> [Problem to solve]:
The result should be the lines from the one that contains "High-Waist Mercerized Cotton" to the final line of the entries below, copied exactly and with no pictures.

━━━━━ Supplied data

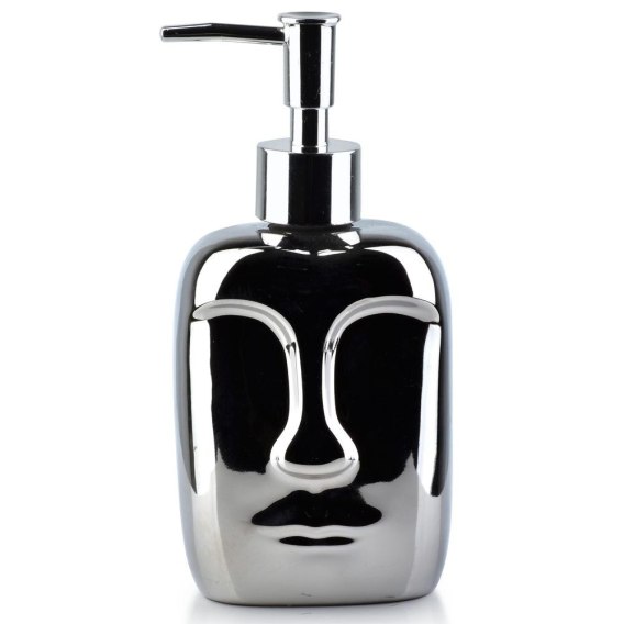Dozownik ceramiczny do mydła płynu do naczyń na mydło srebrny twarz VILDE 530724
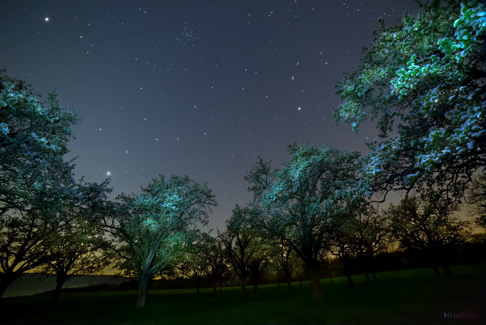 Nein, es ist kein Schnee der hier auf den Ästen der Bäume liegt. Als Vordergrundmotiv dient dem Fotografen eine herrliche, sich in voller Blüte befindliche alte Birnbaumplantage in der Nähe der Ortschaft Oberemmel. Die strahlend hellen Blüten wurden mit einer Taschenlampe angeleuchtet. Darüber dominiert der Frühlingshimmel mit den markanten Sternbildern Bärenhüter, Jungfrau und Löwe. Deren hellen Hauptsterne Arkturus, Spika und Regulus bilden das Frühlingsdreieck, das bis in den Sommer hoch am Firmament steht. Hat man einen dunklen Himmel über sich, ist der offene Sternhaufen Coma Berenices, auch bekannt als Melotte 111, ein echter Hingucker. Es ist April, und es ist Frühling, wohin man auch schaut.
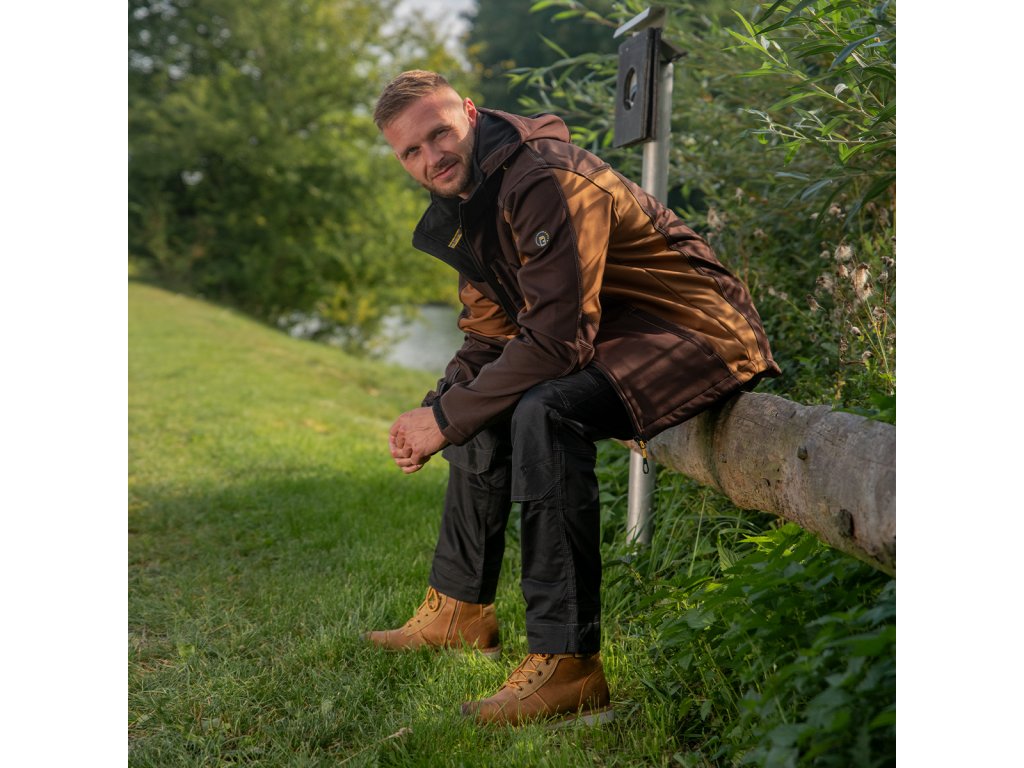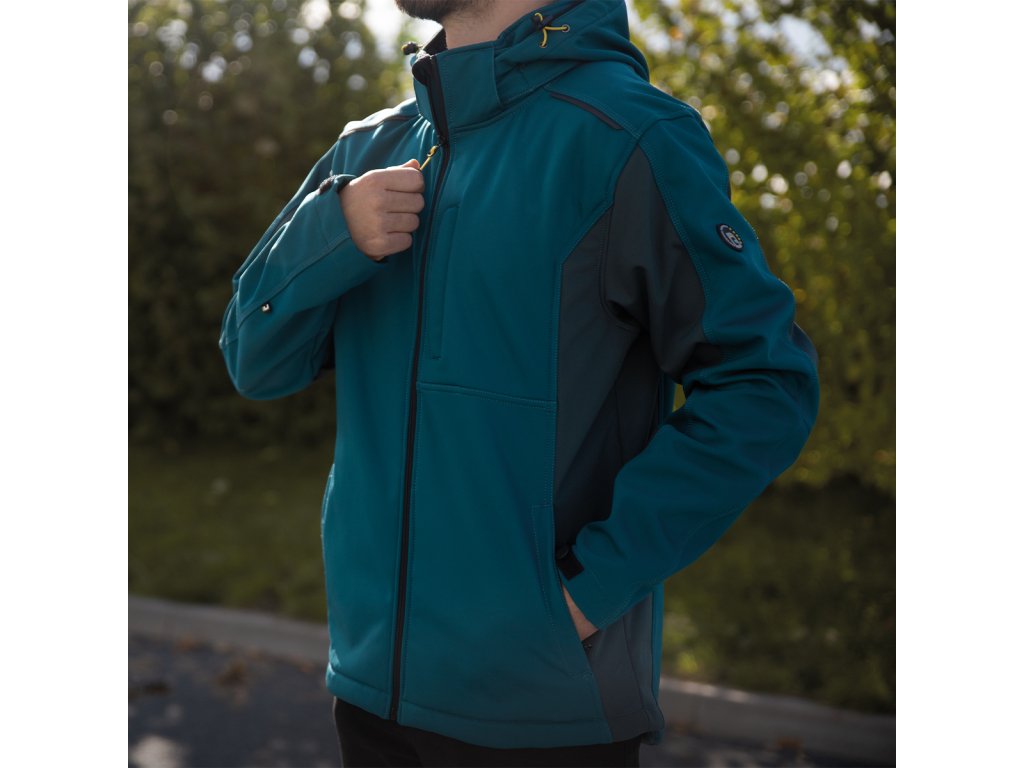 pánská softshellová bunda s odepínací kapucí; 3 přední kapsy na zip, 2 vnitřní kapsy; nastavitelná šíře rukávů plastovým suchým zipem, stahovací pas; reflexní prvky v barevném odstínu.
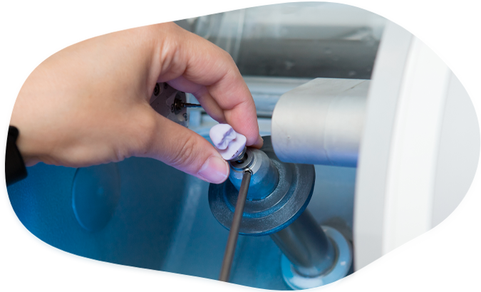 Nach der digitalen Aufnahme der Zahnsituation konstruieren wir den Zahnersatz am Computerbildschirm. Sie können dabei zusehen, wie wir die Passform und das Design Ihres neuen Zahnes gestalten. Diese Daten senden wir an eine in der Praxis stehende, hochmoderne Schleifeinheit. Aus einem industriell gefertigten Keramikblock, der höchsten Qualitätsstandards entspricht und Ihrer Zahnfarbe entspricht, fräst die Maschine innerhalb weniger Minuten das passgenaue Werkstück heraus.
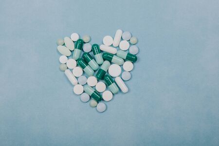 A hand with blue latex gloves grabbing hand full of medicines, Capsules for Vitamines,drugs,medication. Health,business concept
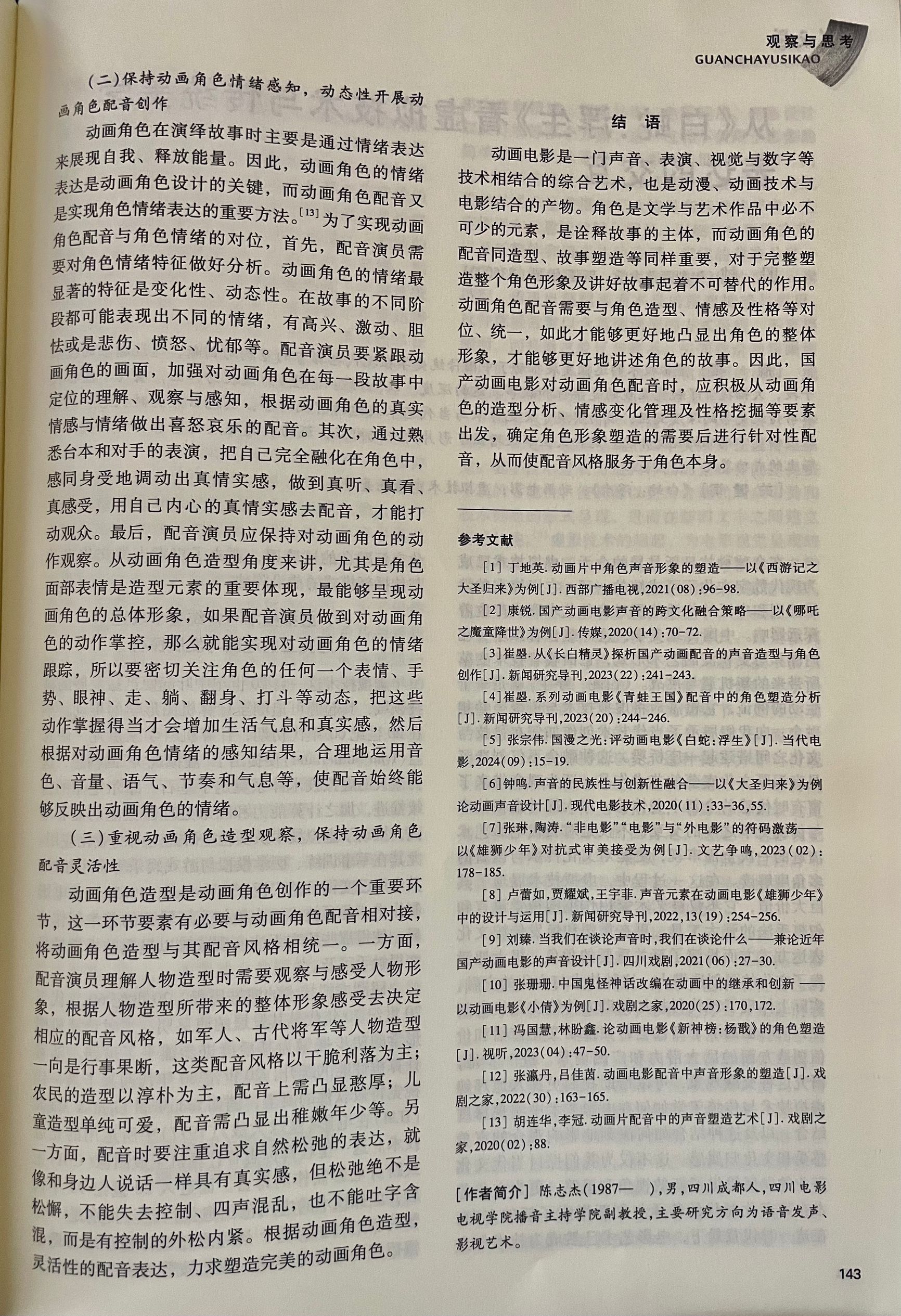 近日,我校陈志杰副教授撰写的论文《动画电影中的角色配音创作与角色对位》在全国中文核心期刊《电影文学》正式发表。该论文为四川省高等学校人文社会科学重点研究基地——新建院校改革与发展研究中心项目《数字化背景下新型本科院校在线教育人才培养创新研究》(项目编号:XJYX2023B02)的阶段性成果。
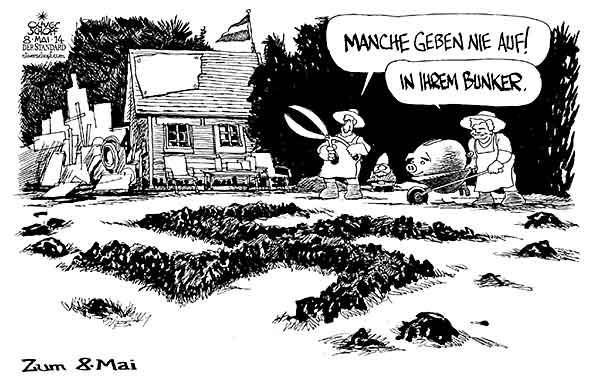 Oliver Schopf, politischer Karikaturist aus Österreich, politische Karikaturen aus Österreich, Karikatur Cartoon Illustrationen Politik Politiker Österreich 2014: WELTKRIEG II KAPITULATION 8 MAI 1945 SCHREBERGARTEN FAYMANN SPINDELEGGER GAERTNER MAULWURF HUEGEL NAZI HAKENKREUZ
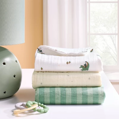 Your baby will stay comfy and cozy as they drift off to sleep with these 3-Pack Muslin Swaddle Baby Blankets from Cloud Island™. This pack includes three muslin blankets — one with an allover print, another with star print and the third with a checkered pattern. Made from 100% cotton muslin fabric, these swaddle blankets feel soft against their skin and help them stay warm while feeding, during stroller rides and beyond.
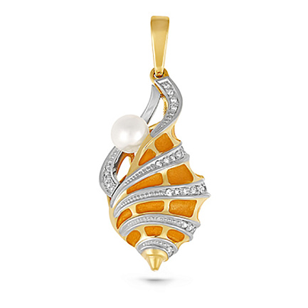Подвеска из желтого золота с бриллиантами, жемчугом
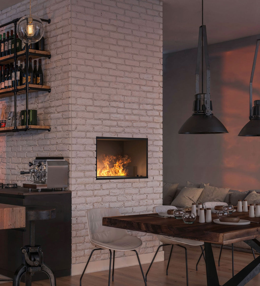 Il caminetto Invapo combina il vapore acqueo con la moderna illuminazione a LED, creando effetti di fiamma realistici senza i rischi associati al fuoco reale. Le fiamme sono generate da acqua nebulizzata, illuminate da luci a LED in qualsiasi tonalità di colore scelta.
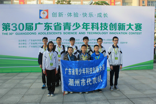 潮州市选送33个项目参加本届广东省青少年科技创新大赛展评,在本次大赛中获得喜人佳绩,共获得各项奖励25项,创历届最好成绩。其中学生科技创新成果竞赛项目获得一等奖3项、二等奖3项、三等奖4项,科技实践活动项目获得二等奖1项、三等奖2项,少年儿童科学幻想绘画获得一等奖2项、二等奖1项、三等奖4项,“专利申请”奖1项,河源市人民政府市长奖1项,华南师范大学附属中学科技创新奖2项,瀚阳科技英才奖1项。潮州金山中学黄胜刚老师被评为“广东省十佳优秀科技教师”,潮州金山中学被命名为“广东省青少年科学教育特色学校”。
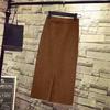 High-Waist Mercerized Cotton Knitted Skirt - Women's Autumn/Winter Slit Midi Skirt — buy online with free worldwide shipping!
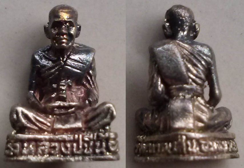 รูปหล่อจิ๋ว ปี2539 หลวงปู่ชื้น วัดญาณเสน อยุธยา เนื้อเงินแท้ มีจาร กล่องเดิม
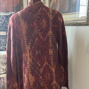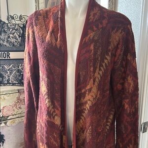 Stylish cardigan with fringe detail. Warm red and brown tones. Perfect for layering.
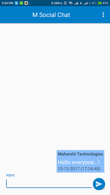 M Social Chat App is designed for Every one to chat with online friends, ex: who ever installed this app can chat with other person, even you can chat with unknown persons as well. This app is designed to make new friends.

━━━━━━━━━━

> [Task result]:
 High-Waist Mercerized Cotton Knitted Skirt - Women's Autumn/Winter Slit Midi Skirt — buy online with free worldwide shipping!
 รูปหล่อจิ๋ว ปี2539 หลวงปู่ชื้น วัดญาณเสน อยุธยา เนื้อเงินแท้ มีจาร กล่องเดิม
 Stylish cardigan with fringe detail. Warm red and brown tones. Perfect for layering.
 M Social Chat App is designed for Every one to chat with online friends, ex: who ever installed this app can chat with other person, even you can chat with unknown persons as well. This app is designed to make new friends.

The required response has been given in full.